Organic Electrochemical Transistors as Versatile Tool for Real-Time and Automatized Viral Cytopathic Effect Evaluation

Francesco Decataldo  1 Catia Giovannini  2   3 Laura Grumiro  4 Maria Michela Marino  4 Francesca Faccin  5 Martina Brandolini  4 Giorgio Dirani  4 Francesca Taddei  4 Davide Lelli  5 Marta Tessarolo  1 Maria Calienni  1 Carla Cacciotto  2 Alessandra Mistral De Pascali  2 Antonio Lavazza  5 Beatrice Fraboni  1 Vittorio Sambri  2   4 Alessandra Scagliarini  2
Affiliations

Organic Electrochemical Transistors as Versatile Tool for Real-Time and Automatized Viral Cytopathic Effect Evaluation

Francesco Decataldo et al.

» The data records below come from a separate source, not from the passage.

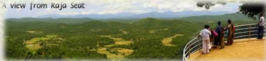
A view from Raja Seat

9:30 AM: Morning after break-fast proceed to Tala Cauvery where the river Cauvery starts. Then visit Bagamandala, Raja site, Aabi falls etc. Evening return back to hotel and over night stay at Coorg.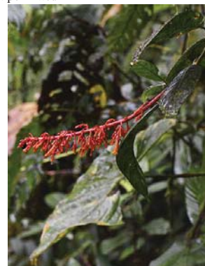
113 Palicourea sodiroi RUBIACEAE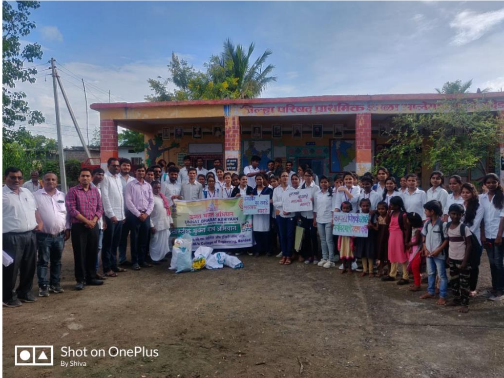
student collected plastic from Pimpri mahipal village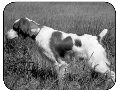
FC MARJO'S JOHNNIE WALKER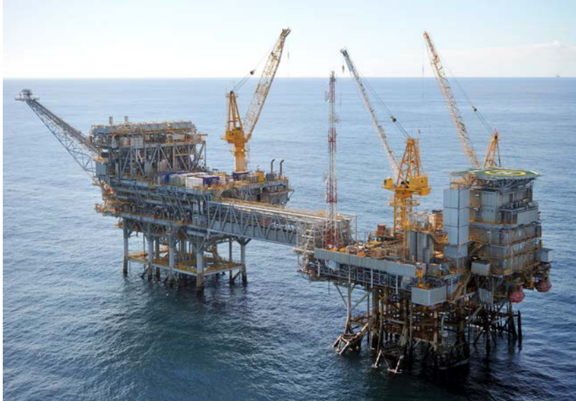
Figure 2 Marlin A platform (MLA) (right) and Marlin B platform (MLB) (left)

The MLA platform is a fixed installation consisting of two steel piled jacket structures (Figure 2). The MLB platform is a fixed installation consisting of an eight legged steel piled jacket structure (Figure 2).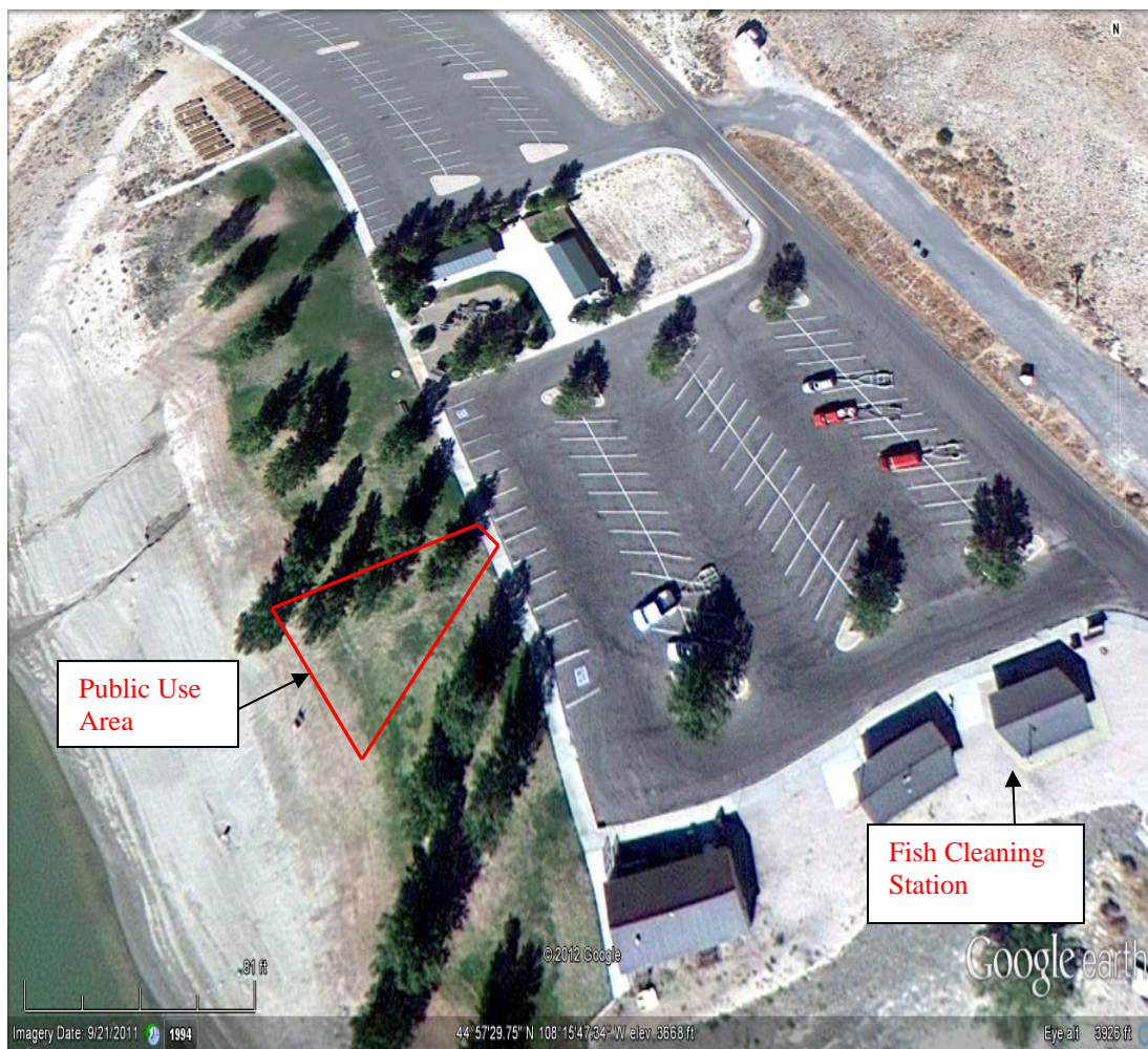
Figure 1 Horseshoe Bend Public Assembly Area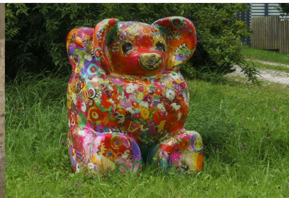
SWEET BLOSSOM LOVABLE

Sabeth Holland, 2020 solid, polyurethane, acrylics, 22 carat gold, UV-protection, varnishes 55 x 49 x 36 cm -> page 22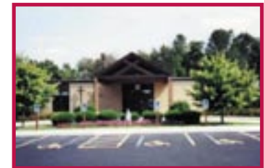
St. Mary by the Lake — Racine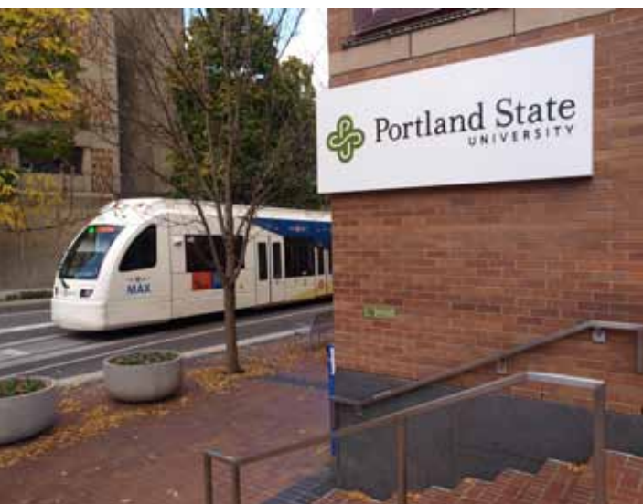
USING LRT TO ENHANCE EXISTING URBAN AREAS PORTLAND

Transit oriented development needs to create attractive, liveable, compact neighbourhoods with housing, jobs, shopping, community services and recreational opportunities within convenient walking distance of a node.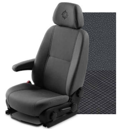
COAL Ultraleather™ with Accent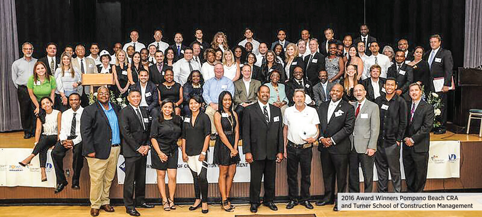
2016 Award Winners Pompano Beach CRA and Turner School of Construction Management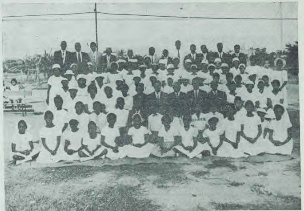
Baptismal Candidates — Penwood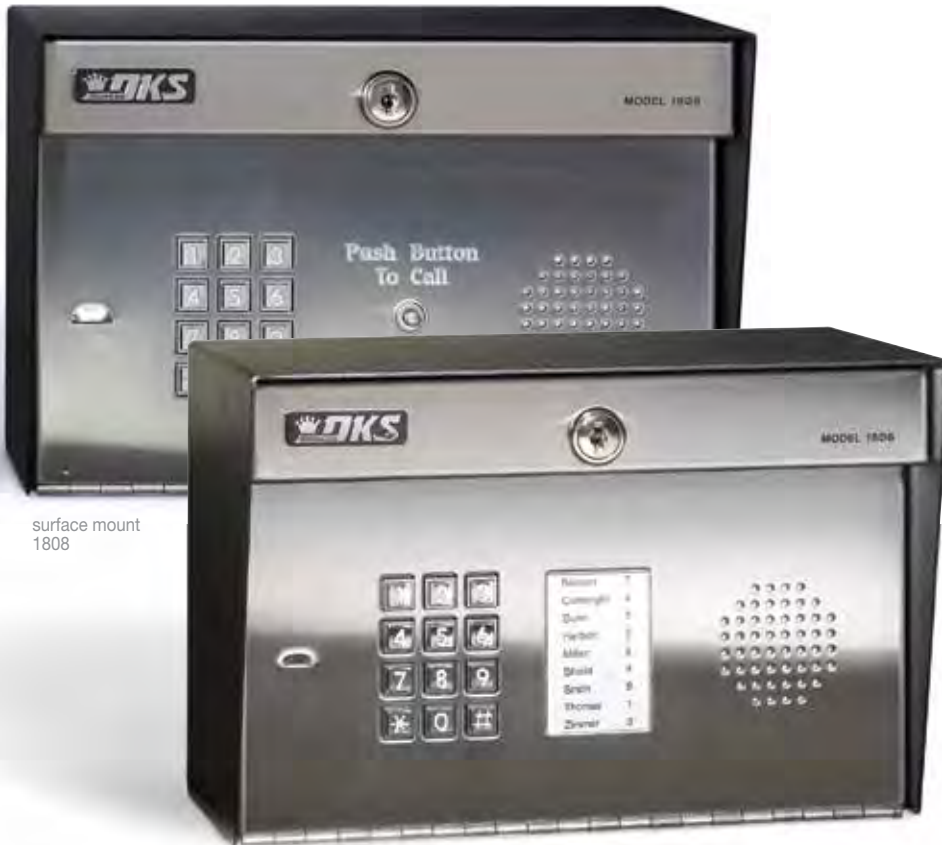
surface mount 1808

IDEAL FOR RESIDENTIAL AND SMALL COMMERCIAL OR APARTMENT APPLICATIONS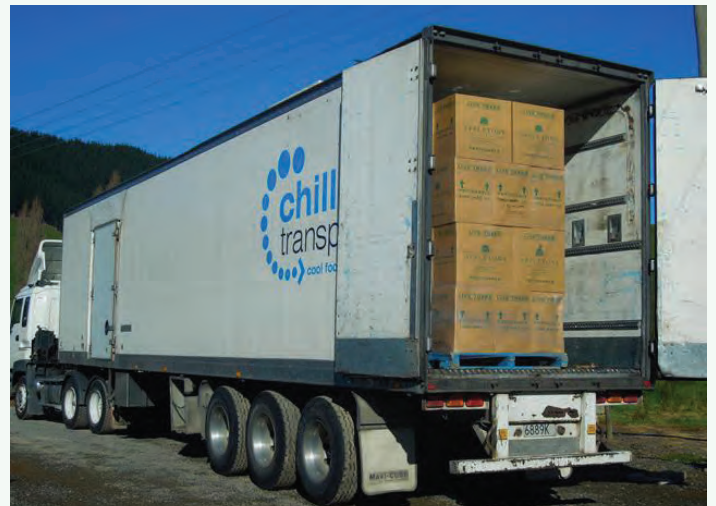
Refrigerated Transport. Rapid & reliable delivery nationwide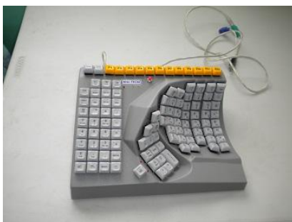
Key-Board (Nov, 2011)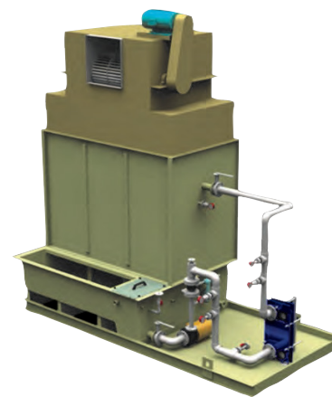
Liquid desiccant packaged conditioner

Alfa Laval Kathabar Phone +1 716-875-2000 Email: sales.kathabar@alfalaval.com Web: www.kathabar.com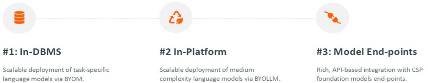
Figure 2. Teradata Enables Customers To Apply Models to Data Analysis Through Three Design Patterns: In-Database (DBMS), In-Platform, and via APIs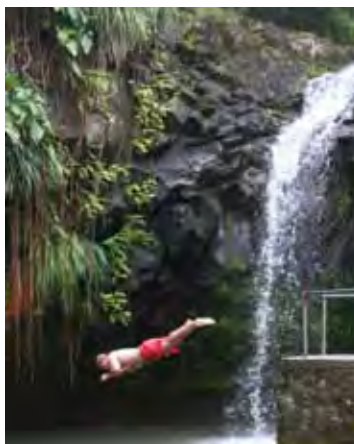
Swimming at Annandale Falls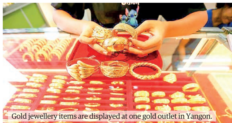
Gold jewellery items are displayed at one gold outlet in Yangon.

To lower the gold price, the Ministry of Natural Resources and Environmental Conservation has been selling gold ingots under the competitive bidding system in Yangon, Mandalay and Nay Pyi Taw. With an aim at reducing gold prices, the YGEA and Mandalay Gold Entrepreneurs Association sold gold bullion supplied by the executive members and the members as well. — NN/EM

Viruses. .

Abstract

In-vitro viral studies are still fundamental for biomedical research since studying the virus kinetics on cells is crucial for the determination of the biological properties of viruses and for screening the inhibitors of infections. Moreover, testing potential viral contaminants is often mandatory for safety evaluation. Nowadays, viral cytopathic effects are mainly evaluated through end-point assays requiring dye-staining combined with optical evaluation. Recently, optical-based automatized equipment has been marketed, aimed at the real-time screening of cell-layer status and obtaining further insights, which are unavailable with end-point assays. However, these technologies present two huge limitations, namely, high costs and the possibility to study only cytopathic viruses, whose effects lead to plaque formation and layer disruption. Here, we employed poly(3,4-ethylenedioxythiophene):poly(styrene sulfonate) (Pedot:Pss) organic electrochemical transistors (OECTs) for the real-time, electrical monitoring of the infection of cytolytic viruses, i.e., encephalomyocarditis virus (EMCV), and non-cytolytic viruses, i.e., bovine coronavirus (B-CoV), on cells. OECT data on EMCV were validated using a commercially-available optical-based technology, which, however, failed in the B-CoV titration analysis, as expected. The OECTs proved to be reliable, fast, and versatile devices for viral infection monitoring, which could be scaled up at low cost, reducing the operator workload and speeding up in-vitro assays in the biomedical research field.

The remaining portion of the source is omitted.